BEGIN Task material

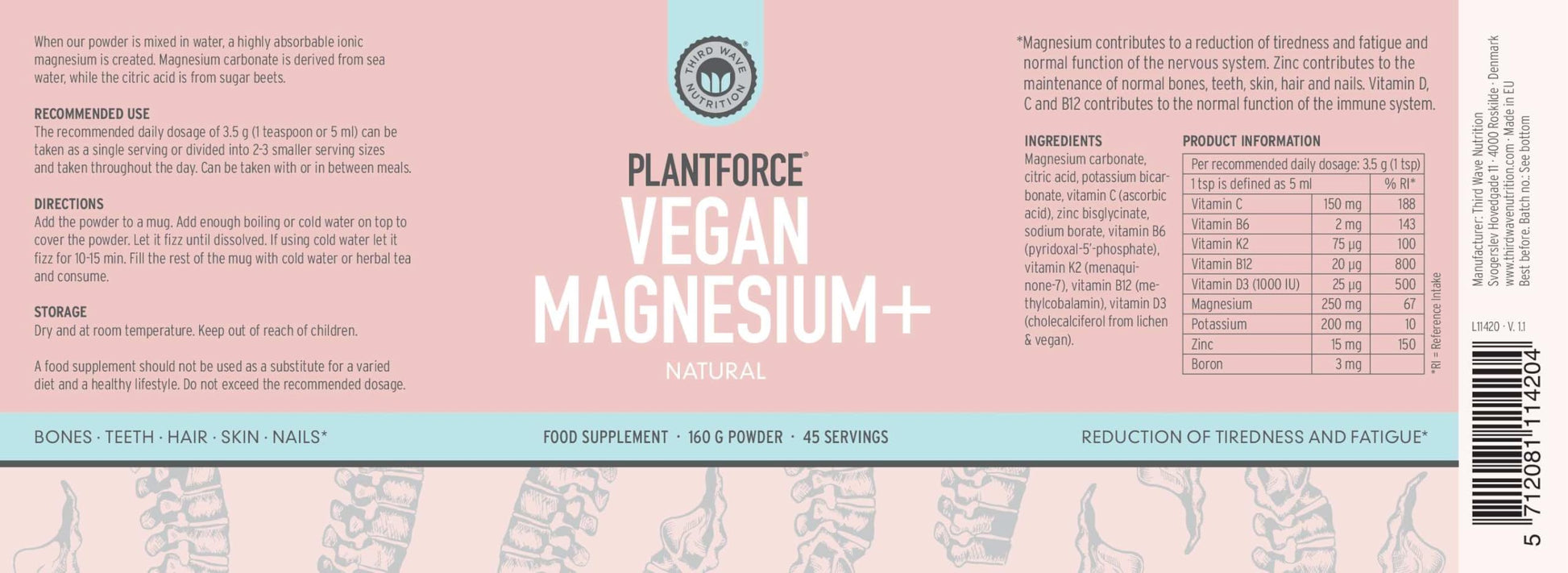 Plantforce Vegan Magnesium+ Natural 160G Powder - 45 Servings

END Task material
BEGIN Task material

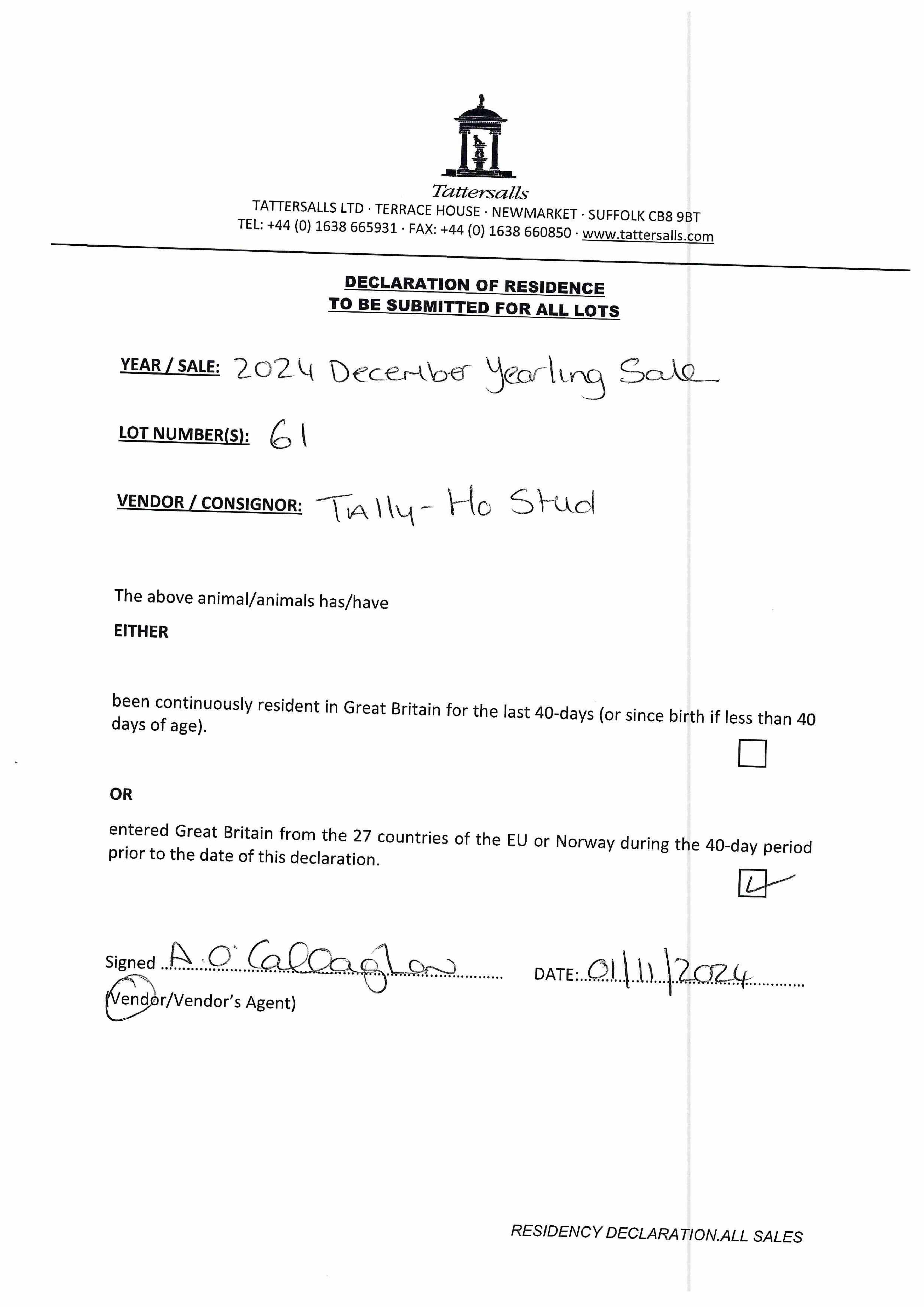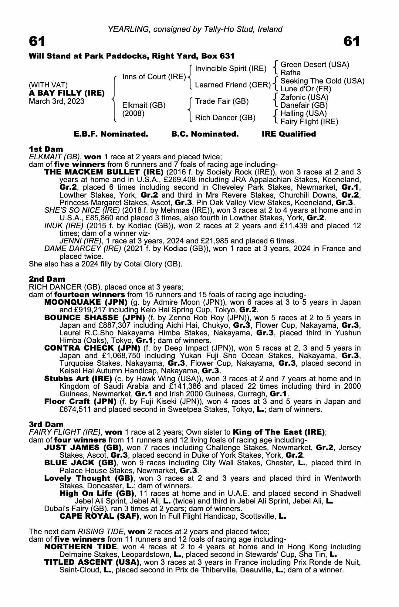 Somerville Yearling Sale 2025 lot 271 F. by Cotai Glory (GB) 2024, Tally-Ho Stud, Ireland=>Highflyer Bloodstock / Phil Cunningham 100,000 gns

END Task material
BEGIN Task material

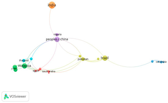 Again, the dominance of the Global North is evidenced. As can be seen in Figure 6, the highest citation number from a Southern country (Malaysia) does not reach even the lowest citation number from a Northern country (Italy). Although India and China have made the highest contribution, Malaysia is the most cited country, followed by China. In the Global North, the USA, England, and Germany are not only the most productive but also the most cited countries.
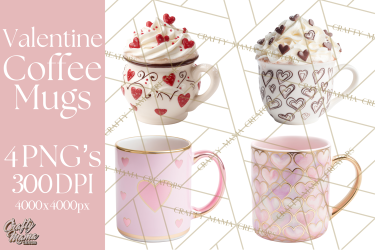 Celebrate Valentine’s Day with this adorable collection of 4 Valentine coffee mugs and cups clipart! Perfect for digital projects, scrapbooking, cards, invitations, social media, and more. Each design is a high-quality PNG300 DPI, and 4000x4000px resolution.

END Task material

Exercise directions: Given the records above, return the lines starting at the one that holds "Again, the dominance" and ending at the one that holds "Celebrate Valentine’s Day", exactly, and nothing besides; leave every picture out.

Solution to the problem:
 Again, the dominance of the Global North is evidenced. As can be seen in Figure 6, the highest citation number from a Southern country (Malaysia) does not reach even the lowest citation number from a Northern country (Italy). Although India and China have made the highest contribution, Malaysia is the most cited country, followed by China. In the Global North, the USA, England, and Germany are not only the most productive but also the most cited countries.
 Celebrate Valentine’s Day with this adorable collection of 4 Valentine coffee mugs and cups clipart! Perfect for digital projects, scrapbooking, cards, invitations, social media, and more. Each design is a high-quality PNG300 DPI, and 4000x4000px resolution.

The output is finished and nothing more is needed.